* WORK TO BE COMPLETED
From the listing below, restate word for word the lines from the line containing "После Литургии прошел" down through the line containing "Просто и безопасно!,Рюкзак-мешок". Exclude pictures.

* DATA SHOWN
——

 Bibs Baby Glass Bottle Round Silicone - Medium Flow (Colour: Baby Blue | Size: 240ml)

——

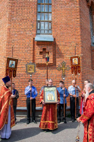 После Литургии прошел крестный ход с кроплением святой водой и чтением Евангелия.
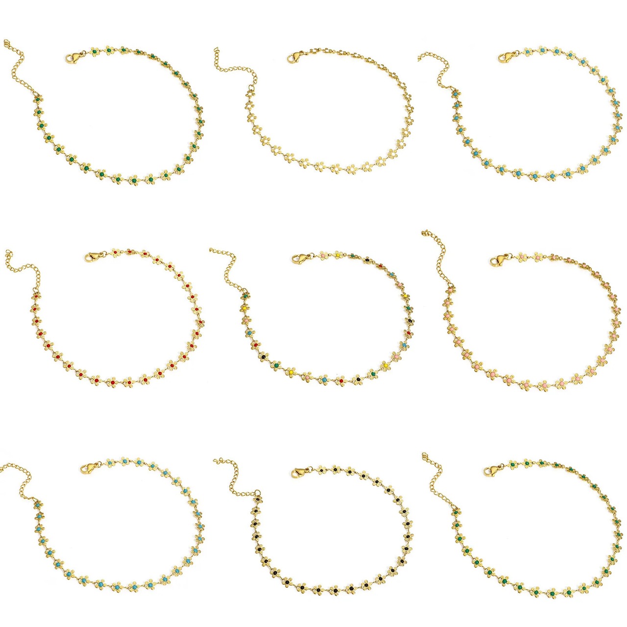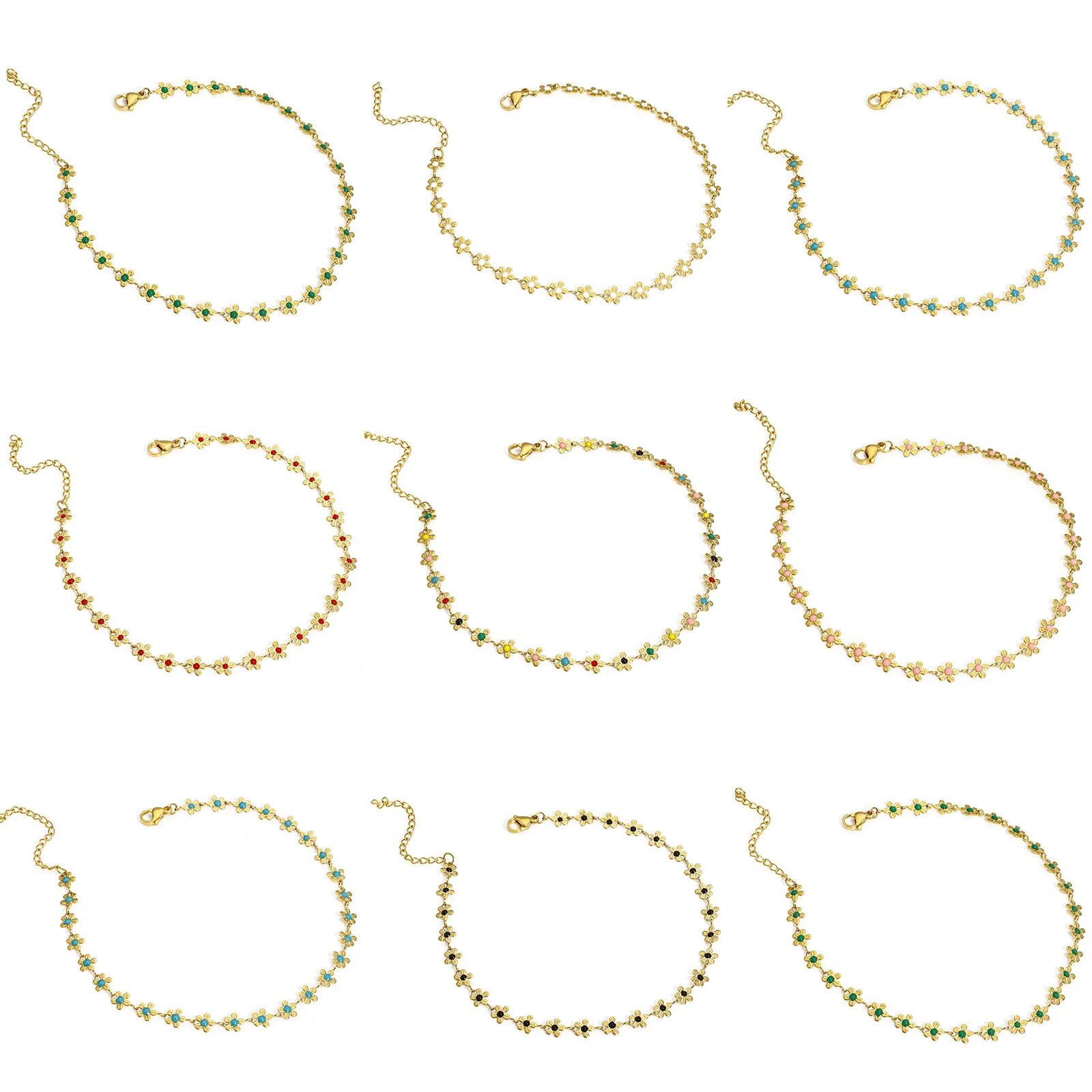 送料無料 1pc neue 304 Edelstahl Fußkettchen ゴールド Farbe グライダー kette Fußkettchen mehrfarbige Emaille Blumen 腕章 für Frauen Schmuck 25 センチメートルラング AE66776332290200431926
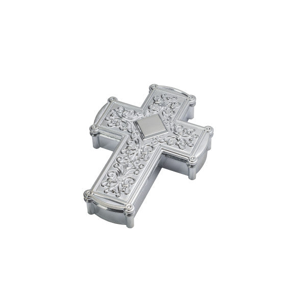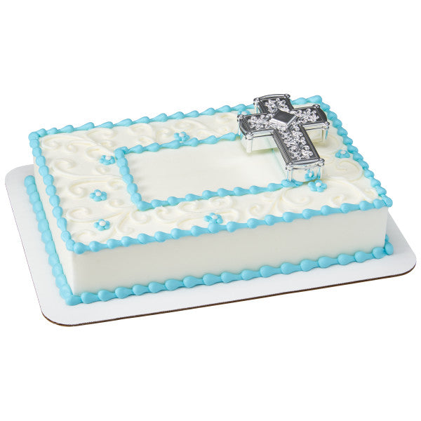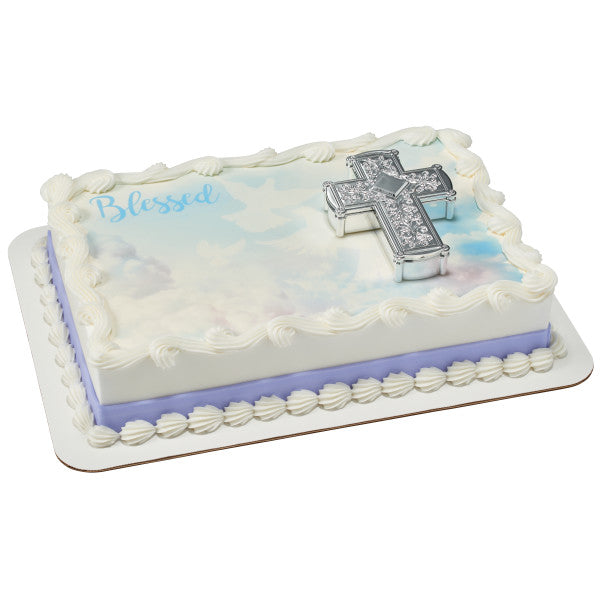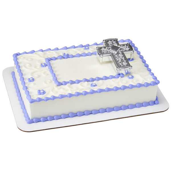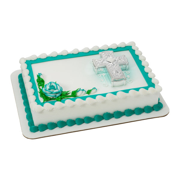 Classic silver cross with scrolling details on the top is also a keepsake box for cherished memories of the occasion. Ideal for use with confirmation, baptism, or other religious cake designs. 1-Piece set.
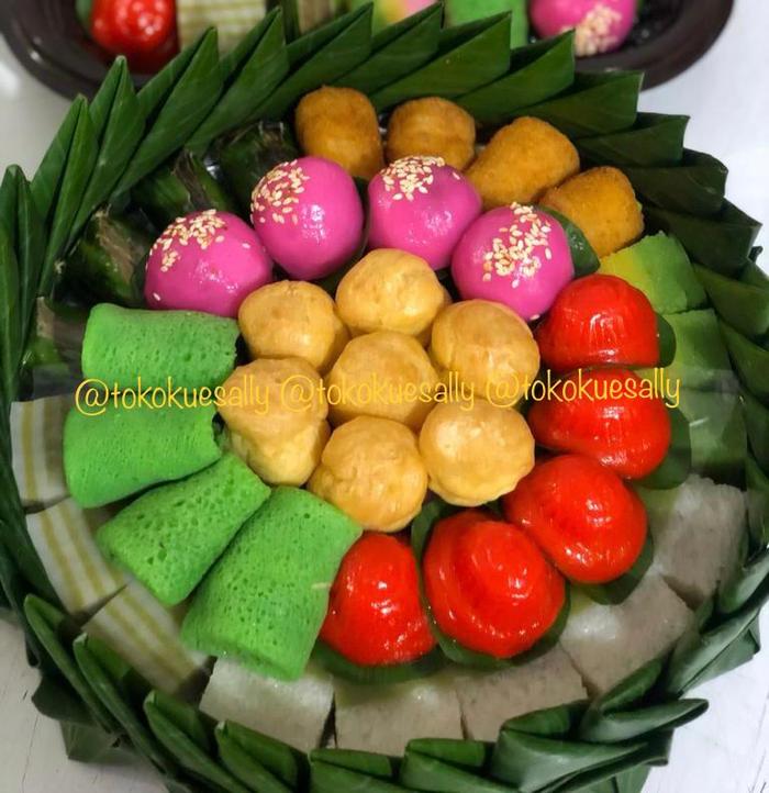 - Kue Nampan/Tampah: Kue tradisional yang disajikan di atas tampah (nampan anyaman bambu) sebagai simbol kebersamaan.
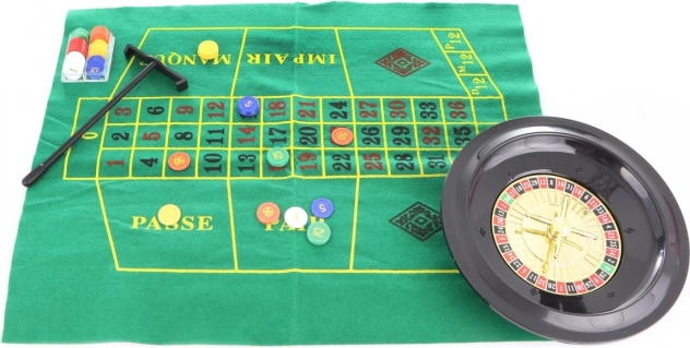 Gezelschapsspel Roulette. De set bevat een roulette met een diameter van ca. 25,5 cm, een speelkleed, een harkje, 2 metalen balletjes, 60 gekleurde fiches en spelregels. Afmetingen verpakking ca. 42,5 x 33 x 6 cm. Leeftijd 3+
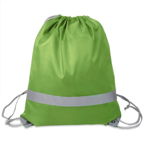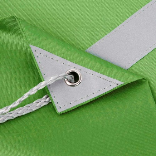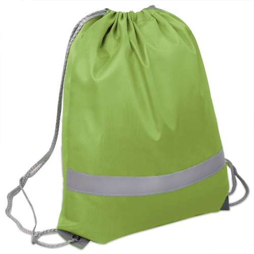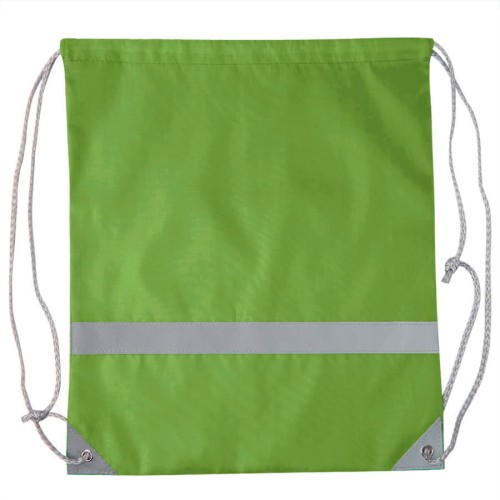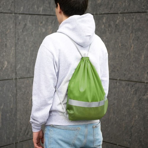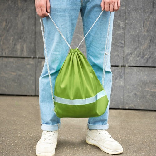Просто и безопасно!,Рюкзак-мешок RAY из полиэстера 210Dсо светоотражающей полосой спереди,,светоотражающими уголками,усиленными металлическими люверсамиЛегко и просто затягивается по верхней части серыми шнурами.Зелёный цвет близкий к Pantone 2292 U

——

* TASK RESULT
 После Литургии прошел крестный ход с кроплением святой водой и чтением Евангелия.
 送料無料 1pc neue 304 Edelstahl Fußkettchen ゴールド Farbe グライダー kette Fußkettchen mehrfarbige Emaille Blumen 腕章 für Frauen Schmuck 25 センチメートルラング AE66776332290200431926
 Classic silver cross with scrolling details on the top is also a keepsake box for cherished memories of the occasion. Ideal for use with confirmation, baptism, or other religious cake designs. 1-Piece set.
 - Kue Nampan/Tampah: Kue tradisional yang disajikan di atas tampah (nampan anyaman bambu) sebagai simbol kebersamaan.
 Gezelschapsspel Roulette. De set bevat een roulette met een diameter van ca. 25,5 cm, een speelkleed, een harkje, 2 metalen balletjes, 60 gekleurde fiches en spelregels. Afmetingen verpakking ca. 42,5 x 33 x 6 cm. Leeftijd 3+
Просто и безопасно!,Рюкзак-мешок RAY из полиэстера 210Dсо светоотражающей полосой спереди,,светоотражающими уголками,усиленными металлическими люверсамиЛегко и просто затягивается по верхней части серыми шнурами.Зелёный цвет близкий к Pantone 2292 U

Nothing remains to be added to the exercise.